→ **What is being asked**
Leave out the pictures, then output the lines of the records below from the first through the one containing "製缶作業は、図面をもとに、け".
________________________
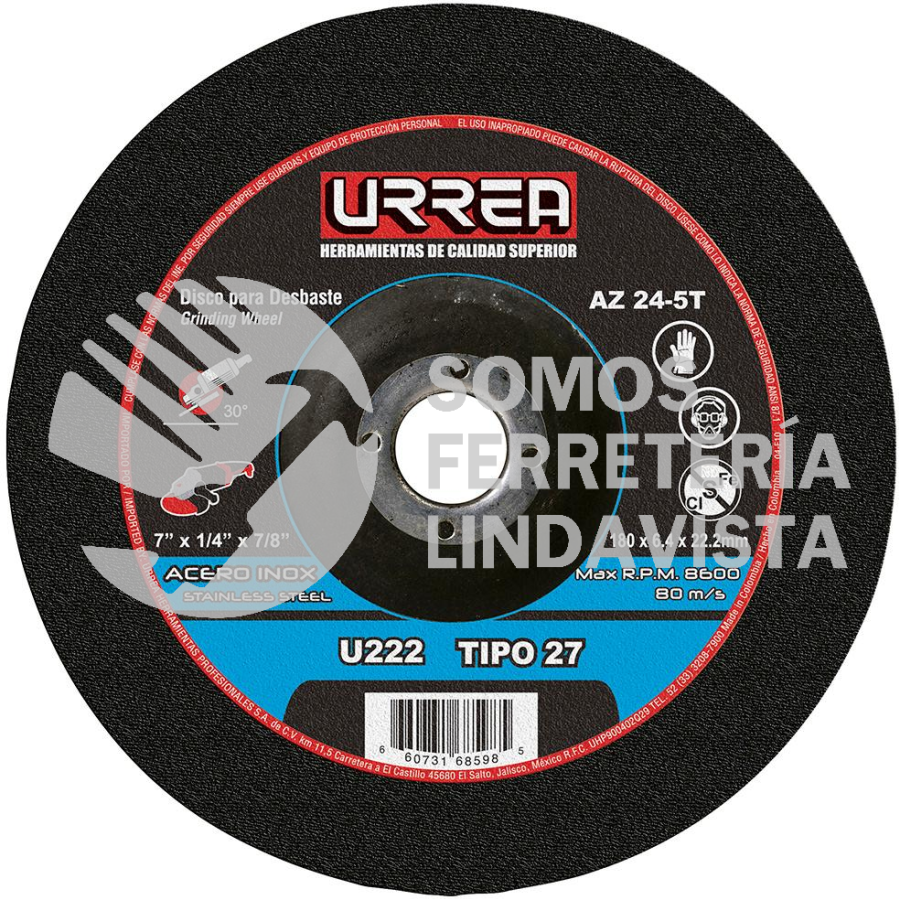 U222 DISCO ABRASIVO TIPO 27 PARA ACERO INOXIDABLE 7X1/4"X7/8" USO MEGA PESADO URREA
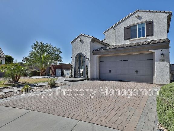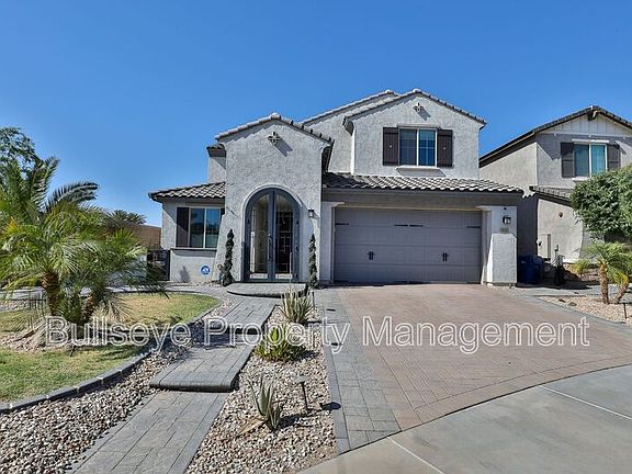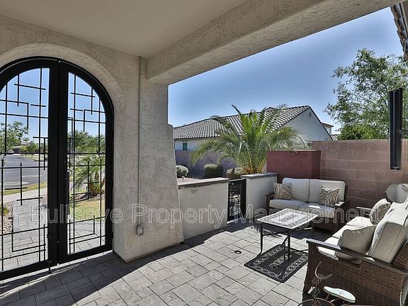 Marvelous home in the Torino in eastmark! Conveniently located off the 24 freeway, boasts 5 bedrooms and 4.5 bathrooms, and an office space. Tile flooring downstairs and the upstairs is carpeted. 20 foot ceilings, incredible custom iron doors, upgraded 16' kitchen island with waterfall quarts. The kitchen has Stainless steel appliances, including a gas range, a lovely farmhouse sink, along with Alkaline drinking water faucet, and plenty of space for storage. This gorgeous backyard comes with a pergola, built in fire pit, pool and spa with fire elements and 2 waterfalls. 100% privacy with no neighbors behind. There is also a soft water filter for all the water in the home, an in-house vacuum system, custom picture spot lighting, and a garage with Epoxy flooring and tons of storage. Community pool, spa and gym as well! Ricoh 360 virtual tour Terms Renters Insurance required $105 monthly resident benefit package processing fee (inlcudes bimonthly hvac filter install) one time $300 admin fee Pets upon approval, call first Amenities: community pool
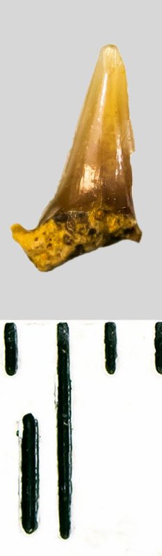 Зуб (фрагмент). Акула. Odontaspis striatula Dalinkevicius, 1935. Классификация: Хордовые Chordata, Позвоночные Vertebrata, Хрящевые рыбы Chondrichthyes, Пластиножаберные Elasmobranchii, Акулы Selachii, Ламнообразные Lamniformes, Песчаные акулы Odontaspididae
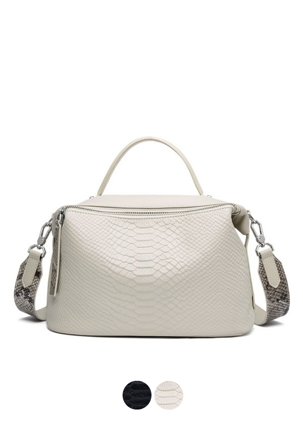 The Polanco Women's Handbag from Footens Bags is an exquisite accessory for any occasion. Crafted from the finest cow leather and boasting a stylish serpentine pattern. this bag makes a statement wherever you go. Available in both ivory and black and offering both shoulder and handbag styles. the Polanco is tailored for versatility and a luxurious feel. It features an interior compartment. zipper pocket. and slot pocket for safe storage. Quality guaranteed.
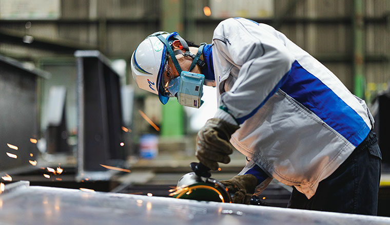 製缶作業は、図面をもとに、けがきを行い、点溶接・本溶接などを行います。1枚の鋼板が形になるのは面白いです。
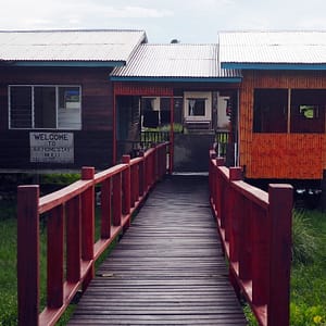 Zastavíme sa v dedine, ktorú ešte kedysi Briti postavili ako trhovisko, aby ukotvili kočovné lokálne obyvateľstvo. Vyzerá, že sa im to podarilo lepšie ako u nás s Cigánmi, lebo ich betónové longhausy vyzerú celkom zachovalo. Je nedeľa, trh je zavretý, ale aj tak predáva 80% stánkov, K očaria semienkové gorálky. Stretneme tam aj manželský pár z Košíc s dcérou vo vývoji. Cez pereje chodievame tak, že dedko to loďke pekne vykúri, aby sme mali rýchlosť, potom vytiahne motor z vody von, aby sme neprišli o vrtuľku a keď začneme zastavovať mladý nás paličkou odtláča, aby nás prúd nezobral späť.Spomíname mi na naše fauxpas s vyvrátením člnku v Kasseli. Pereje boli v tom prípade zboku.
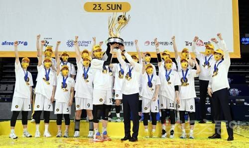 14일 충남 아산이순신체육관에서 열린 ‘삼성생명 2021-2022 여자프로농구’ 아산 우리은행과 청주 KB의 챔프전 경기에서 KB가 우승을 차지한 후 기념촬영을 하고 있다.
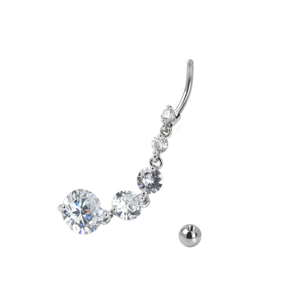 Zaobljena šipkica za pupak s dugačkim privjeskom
________________________
→ **Result of the exercise**
 U222 DISCO ABRASIVO TIPO 27 PARA ACERO INOXIDABLE 7X1/4"X7/8" USO MEGA PESADO URREA
 Marvelous home in the Torino in eastmark! Conveniently located off the 24 freeway, boasts 5 bedrooms and 4.5 bathrooms, and an office space. Tile flooring downstairs and the upstairs is carpeted. 20 foot ceilings, incredible custom iron doors, upgraded 16' kitchen island with waterfall quarts. The kitchen has Stainless steel appliances, including a gas range, a lovely farmhouse sink, along with Alkaline drinking water faucet, and plenty of space for storage. This gorgeous backyard comes with a pergola, built in fire pit, pool and spa with fire elements and 2 waterfalls. 100% privacy with no neighbors behind. There is also a soft water filter for all the water in the home, an in-house vacuum system, custom picture spot lighting, and a garage with Epoxy flooring and tons of storage. Community pool, spa and gym as well! Ricoh 360 virtual tour Terms Renters Insurance required $105 monthly resident benefit package processing fee (inlcudes bimonthly hvac filter install) one time $300 admin fee Pets upon approval, call first Amenities: community pool
 Зуб (фрагмент). Акула. Odontaspis striatula Dalinkevicius, 1935. Классификация: Хордовые Chordata, Позвоночные Vertebrata, Хрящевые рыбы Chondrichthyes, Пластиножаберные Elasmobranchii, Акулы Selachii, Ламнообразные Lamniformes, Песчаные акулы Odontaspididae
 The Polanco Women's Handbag from Footens Bags is an exquisite accessory for any occasion. Crafted from the finest cow leather and boasting a stylish serpentine pattern. this bag makes a statement wherever you go. Available in both ivory and black and offering both shoulder and handbag styles. the Polanco is tailored for versatility and a luxurious feel. It features an interior compartment. zipper pocket. and slot pocket for safe storage. Quality guaranteed.
 製缶作業は、図面をもとに、けがきを行い、点溶接・本溶接などを行います。1枚の鋼板が形になるのは面白いです。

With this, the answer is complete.